The old draft described, in detail, exactly how we implemented the above
procedure (page 11, second dot point). Based on the advise of the
other reviewers, we have reduced the level of technical detail in this draft.
The current draft has a (very terse) description of the t-tests on line 276

> 15) In section 5, Related Work, the authors refer to Kirsopp &
>     Shepperd as "K&S" more than once. This is rather informal
>     probably not suitable for a journal article.

Yes. K&S removed
> 
> 16) The authors converted the answers using natural logs. Were
>     the answers converted back prior to measuring with pred(30)?
>     If not, all the results are greatly distorted.

Ooops-we missed that from the last draft. Fixed now. See line 220

> ==========================================================
> Reviewer 2
> [some deletions]
>
> 5. What do you see as the weakest aspect of this manuscript?
> 
> Section 4 on the case study. It is too dense. Too much is
> missing. I have no idea how to interpret Figure 5 which is the
> mainr esult. I am not sure what the variable listed in Figure 4
> means. In order to fit within IEEE Software length guidelines,
> too much of understanding was removed in the paper.
>    The supporting paper with the manuscript is not relevant. If
> I need that paper to understand the current paper, then there is
> no need for the current paper.
> Section 4 needs to be rewritten and made more understandable as
> to what is going on.
>
> A. Public Comments (these will be made available to the author)
>  Section 4 - the central theme of the paper - is unreadable. The
> topic is important, but this version is not readable to the
> general IEEE Software reader.

That dreadful section 4 in the old version (on the experimental
method) is now completely rewritten.  Section 4 has been substantially
rewritten, divided into other sections, with some technical details
described more succinctly.  Finally, a simpler way of explaining it
all is used throughout the paper (so instead of "feature subset
selection", we now do "column pruning").

> ===========================================================
> Reviewer 3
> [deletions]
> 5. What do you see as the weakest aspect of this manuscript?
> It does not target the audience of the "Software" magazine.

Agreed. The current draft is, we believe, much better.

> Section III. Detailed Comments
> 
> A. Public Comments (these will be made available to the author)
>  Section I.C.1 The title implies that more than one cost
> estimation models was used in this experiment. The paper only
> refers to COCOMO. Reconcile this issue.

Agreed. While our process generates multiple models (one after each
pruning), they are all in the COCOMO framework.
So, as per this reviewer's suggestion, the title has been changed.

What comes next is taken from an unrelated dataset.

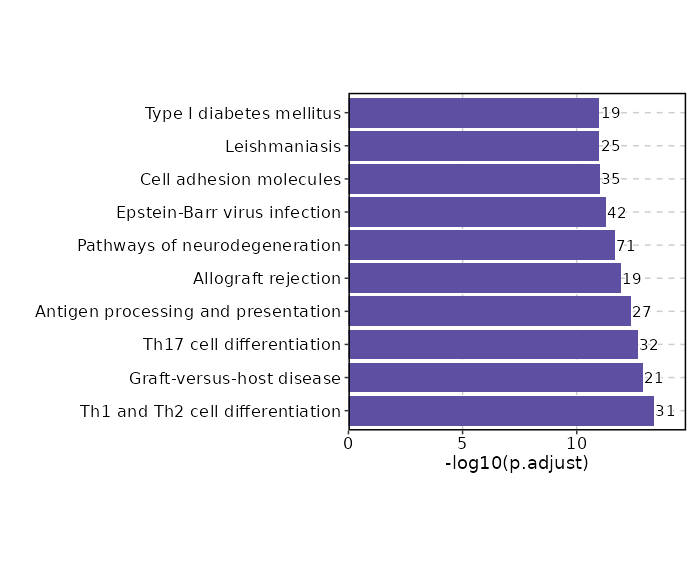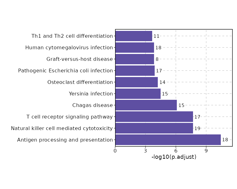 Enrichment Analysis Th1 and Th2 cell differentiation 31/92 1.396e-16 0 8.7144 318.14 NFATC3;NFATC2;RUNX3;NFKBIB;IFNG;HLA-DQB1;HLA-DRA;CD247;CD3G;IL2RG;CD3E;CD3D;TBX21;IL12RB1;HLA-DQA1;JAG1;HLA-DRB5;STAT1;LCK;ZAP70;IL2RB;HLA-DPB1;HLA-DRB1;GATA3;HLA-DMB;HLA-DPA1;MAPK1;JAK3;HLA-DMA;JAK1;JAK2 1 KEGG_2021_Human Graft-versus-host disease 21/42 8.627e-16 0 17.0289 590.6733 HLA-DRB5;GZMB;HLA-C;HLA-A;HLA-B;HLA-G;HLA-E;IFNG;HLA-DQB1;HLA-DRA;HLA-DPB1;KLRD1;HLA-DRB1;CD86;PRF1;FASLG;HLA-DMB;HLA-DPA1;KLRC1;HLA-DMA;HLA-DQA1 2 KEGG_2021_Human Th17 cell differentiation 32/107 0 0 7.3176 246.811 TGFB1;IL21R;IL2RG;TBX21;IL12RB1;HLA-DRB5;HLA-DRB1;GATA3;NFATC3;NFATC2;NFKBIB;IRF4;IFNG;HLA-DQB1;HLA-DRA;CD247;CD3G;CD3E;CD3D;HLA-DQA1;STAT1;LCK;ZAP70;IL2RB;HLA-DPB1;HLA-DMB;HLA-DPA1;MAPK1;JAK3;HLA-DMA;JAK1;JAK2 3 KEGG_2021_Human Antigen processing and presentation 27/78 0 0 9.05 296.4594 CD74;TAP2;TAP1;RFX5;IFNG;HLA-DQB1;HLA-DRA;KLRD1;CTSS;B2M;HLA-DQA1;HLA-DRB5;HLA-C;HLA-A;HLA-B;HLA-G;HLA-E;CD8B;CD8A;PSME2;HLA-DPB1;PSME1;HLA-DRB1;HLA-DMB;HLA-DPA1;KLRC1;HLA-DMA 4 KEGG_2021_Human Allograft rejection 19/38 0 0 17 535.7409 HLA-DRB5;GZMB;HLA-C;HLA-A;HLA-B;HLA-G;HLA-E;IFNG;HLA-DQB1;HLA-DRA;HLA-DPB1;HLA-DRB1;CD86;PRF1;FASLG;HLA-DMB;HLA-DPA1;HLA-DMA;HLA-DQA1 5 KEGG_2021_Human Pathways of neurodegeneration 71/475 0 0 3.0706 94.4336 ATG13;UQCRC2;OPTN;NRBF2;GABARAPL2;DAXX;GABARAPL1;PRKCB;ATG2A;GABARAP;ATXN1;COX6B1;PSMA4;PSMA5;PSMA1;NDUFA12;PSMB6;PSMB4;PSMB1;SQSTM1;MAP2K2;MAP2K3;UQCRB;FASLG;UQCRH;GPX7;TNFRSF1B;CDK5;NDUFB9;SLC25A4;NDUFB5;NDUFA2;SLC25A6;SLC25A5;BECN1;BAK1;UBE2L6;UBE2L3;FRAT2;XBP1;COX7A2L;CSNK2B;UBE2J2;ATP5F1D;UBE2G1;ATP5PD;COX5A;COX5B;ATP5F1A;ATP5F1B;ATP5F1C;ERN1;NDUFB10;COX6A1;CAPN2;SEM1;ATP5MC3;COX7A2;ATP5MC2;UBB;NDUFS8;NDUFS3;NDUFS2;CASP7;UQCRFS1;DNAI2;DDIT3;KRAS;DCTN3;RB1CC1;MAPK1 6 KEGG_2021_Human Epstein-Barr virus infection 42/202 0 0 4.5229 134.1177 RUNX3;B2M;HLA-DRB5;HLA-C;HLA-A;HLA-B;HLA-G;HLA-E;HLA-DRB1;HLA-DQB1;CD3G;CD3E;CD3D;HLA-DQA1;STAT1;HLA-DPB1;CD44;HLA-DMB;HLA-DPA1;JAK3;HLA-DMA;JAK1;TAP2;TAP1;RELB;BCL2L11;CCND3;MAP2K3;DDX58;ISG15;MYD88;SEM1;OAS1;NFKBIB;OAS2;HLA-DRA;IRF9;IRF7;CD247;TRADD;TNFAIP3;BAK1 7 KEGG_2021_Human Cell adhesion molecules 35/148 0 0 5.3159 153.7756 CD2;PDCD1;CD86;HLA-DRB5;HLA-C;HLA-A;HLA-B;HLA-G;HLA-E;CD8B;CD8A;SELL;HLA-DRB1;ICAM3;CD99;ITGA4;PTPRC;HLA-DQB1;HLA-DRA;PECAM1;GLG1;SPN;CTLA4;HLA-DQA1;HLA-DPB1;CD226;ITGB2;ITGB1;SELPLG;ITGAM;VSIR;HLA-DMB;HLA-DPA1;ITGB7;HLA-DMA 8 KEGG_2021_Human Leishmaniasis 25/77 0 0 8.2032 235.992 TGFB1;ITGA4;NFKBIB;IFNG;HLA-DQB1;HLA-DRA;FCGR3A;FCGR3B;HLA-DQA1;HLA-DRB5;STAT1;PRKCB;CYBA;MYD88;HLA-DPB1;HLA-DRB1;ITGB2;ITGB1;ITGAM;HLA-DMB;HLA-DPA1;MAPK1;HLA-DMA;JAK1;JAK2 9 KEGG_2021_Human Type I diabetes mellitus 19/43 0 0 13.4548 385.6727 HLA-DRB5;GZMB;HLA-C;HLA-A;HLA-B;HLA-G;HLA-E;IFNG;HLA-DQB1;HLA-DRA;HLA-DPB1;HLA-DRB1;CD86;PRF1;FASLG;HLA-DMB;HLA-DPA1;HLA-DMA;HLA-DQA1 10 KEGG_2021_Human Viral myocarditis 21/60 0 0 9.1607 238.7055 HLA-DQB1;HLA-DRA;CD86;HLA-DQA1;HLA-DRB5;HLA-C;HLA-A;HLA-B;HLA-G;HLA-E;HLA-DPB1;HLA-DRB1;ITGB2;ACTG1;PRF1;HLA-DMB;HLA-DPA1;FYN;RAC2;HLA-DMA;CD55 11 KEGG_2021_Human Parkinson disease 44/249 0 0 3.6961 92.8181 UQCRC2;UBE2L6;UBE2L3;DAXX;XBP1;COX7A2L;UBE2J2;ATP5F1D;UBE2G1;ATP5PD;COX6B1;PSMA4;PSMA5;PSMA1;COX5A;NDUFA12;COX5B;ATP5F1A;ATP5F1B;ATP5F1C;PSMB6;PSMB4;PSMB1;ERN1;NDUFB10;COX6A1;SEM1;UQCRB;ATP5MC3;COX7A2;ATP5MC2;UQCRH;UBB;NDUFS8;NDUFS3;NDUFS2;NDUFB9;SLC25A4;NDUFB5;UQCRFS1;NDUFA2;DDIT3;SLC25A6;SLC25A5 12 KEGG_2021_Human Influenza A 35/172 0 0 4.3791 106.5041 PYCARD;CCND3;MAP2K2;HLA-DRB5;DDX58;PRKCB;MYD88;HLA-DRB1;CALCOCO2;ACTG1;FASLG;TNFSF10;OAS1;NFKBIB;OAS2;IFNG;HLA-DQB1;HLA-DRA;IRF9;IRF7;SLC25A4;TRADD;HLA-DQA1;STAT1;HLA-DPB1;SLC25A6;SLC25A5;HLA-DMB;CCL5;HLA-DPA1;BAK1;MAPK1;HLA-DMA;JAK1;JAK2 13 KEGG_2021_Human Autoimmune thyroid disease 19/53 0 0 9.4924 229.7409 HLA-DQB1;HLA-DRA;CD86;CTLA4;HLA-DQA1;HLA-DRB5;GZMB;HLA-C;HLA-A;HLA-B;HLA-G;HLA-E;HLA-DPB1;HLA-DRB1;PRF1;FASLG;HLA-DMB;HLA-DPA1;HLA-DMA 14 KEGG_2021_Human Amyotrophic lateral sclerosis 54/364 0 0 3.0106 70.4567 ATG13;UQCRC2;PFN1;OPTN;NRBF2;GABARAPL2;DAXX;GABARAPL1;XBP1;COX7A2L;ATG2A;GABARAP;ATP5F1D;ATP5PD;COX6B1;PSMA4;PSMA5;PSMA1;COX5A;NDUFA12;COX5B;ATP5F1A;ATP5F1B;ATP5F1C;PSMB6;PSMB4;PSMB1;ERN1;SRSF3;SQSTM1;NDUFB10;COX6A1;MAP2K3;SEM1;UQCRB;ACTG1;ATP5MC3;COX7A2;ATP5MC2;UQCRH;GPX7;TNFRSF1B;NDUFS8;NDUFS3;NDUFS2;NDUFB9;NDUFB5;UQCRFS1;DNAI2;NDUFA2;DDIT3;BECN1;DCTN3;RB1CC1 15 KEGG_2021_Human Huntington disease 48/306 0 0 3.2065 73.4315 ATG13;UQCRC2;NRBF2;AP2S1;COX7A2L;ATG2A;ATP5F1D;CLTB;CLTA;ATP5PD;COX6B1;PSMA4;PSMA5;PSMA1;COX5A;NDUFA12;COX5B;ATP5F1A;ATP5F1B;ATP5F1C;PSMB6;PSMB4;PSMB1;ERN1;NDUFB10;COX6A1;SEM1;UQCRB;ATP5MC3;COX7A2;ATP5MC2;UQCRH;GPX7;NDUFS8;NDUFS3;NDUFS2;NDUFB9;SLC25A4;NDUFB5;UQCRFS1;DNAI2;NDUFA2;SLC25A6;SLC25A5;BECN1;DCTN3;RB1CC1;POLR2G 16 KEGG_2021_Human Human T-cell leukemia virus 1 infection 39/219 0 0 3.7189 84.2998 IL2RG;ADCY7;B2M;HLA-DRB5;HLA-C;HLA-A;HLA-B;HLA-G;HLA-E;HLA-DRB1;NFATC3;NFATC2;HLA-DQB1;CD3G;CD3E;CD3D;HLA-DQA1;HLA-DPB1;HLA-DMB;HLA-DPA1;TSPO;JAK3;HLA-DMA;JAK1;TGFB1;RELB;CCND3;MAP2K2;MAD1L1;ETS1;HLA-DRA;SLC25A4;LCK;IL2RB;KRAS;SLC25A6;SLC25A5;ITGB2;MAPK1 17 KEGG_2021_Human Natural killer cell mediated cytotoxicity 29/131 0 0 4.8558 109.3705 KLRD1;SH3BP2;MAP2K2;SH2D1A;HLA-C;HLA-A;PRKCB;HLA-B;HLA-G;HLA-E;PRF1;FASLG;KLRK1;KLRC1;TNFSF10;NFATC2;IFNG;HCST;CD247;FCGR3A;FCGR3B;GZMB;LCK;ZAP70;KRAS;ITGB2;MAPK1;FYN;RAC2 18 KEGG_2021_Human Human immunodeficiency virus 1 infection 38/212 0 0 3.7463 83.6229 RNF7;GNG2;GNG5;B2M;APOBEC3F;APOBEC3G;APOBEC3H;HLA-C;HLA-A;PRKCB;HLA-B;HLA-G;HLA-E;APOBEC3C;NFATC3;NFATC2;BST2;CD3G;CD3E;CD3D;CCR5;ELOB;RAC2;TAP2;TAP1;CFL1;MAP2K2;MAP2K3;MYD88;GNB2;PXN;FASLG;TNFRSF1B;CD247;TRADD;KRAS;BAK1;MAPK1 19 KEGG_2021_Human Diabetic cardiomyopathy 37/203 0 0 3.8216 85.0975 UQCRC2;PRKCB;COX7A2L;PDK2;ATP5F1D;CTSD;ATP5PD;COX6B1;COX5A;NDUFA12;COX5B;ATP5F1A;ATP5F1B;ATP5F1C;RAC2;TGFB1;PPP1CA;NDUFB10;COX6A1;CYBA;UQCRB;ATP5MC3;COX7A2;ATP5MC2;UQCRH;GFPT2;NDUFS8;NDUFS3;NDUFS2;NDUFB9;SLC25A4;NDUFB5;UQCRFS1;NDUFA2;SLC25A6;SLC25A5;GAPDH 20 KE

> The paper has potential but right now it reads as if it was
> written for datamining specialists. It should be re-written for
> the readers of the "Software" magazine. That means that less
> details should be given about the machine learners and more
> about why this work is important for a user of the COCOMO model.

As mentioned above, that dreadful section 4 in the old version (on the
experimental method) is now completely rewritten.  Section 4 has been
substantially rewritten, divided into other sections, with some
technical details described more succinctly.  Finally, a simpler way
of explaining it all is used throughout the paper (so instead of
"feature subset selection", we now do "column pruning").

> How would a software project manager use COCOMO any differently
> due to your proposed approach and what does that buy him/her?

Good point- and one NOT addressed by the last draft. The change to current
practice is described lines 22 to 23 of the new draft.

> Do they have to be related
> projects to the one at hand? How much related? 

Without knowledge of how
well old projects are related to new projects, only column pruning can
be performed (see the left-hand-side plot of fig.6.).  This can
produce some improvements but not as much as when domain knowledge is
used to divide up the data. While the best improvements come from
heavy division (see fig.6's right hand plot), even a little
stratification knowledge can be helpful (e.g. the middle plot of fig 6
shows that even a rudimentary stratifications can help the process of
learning estimators.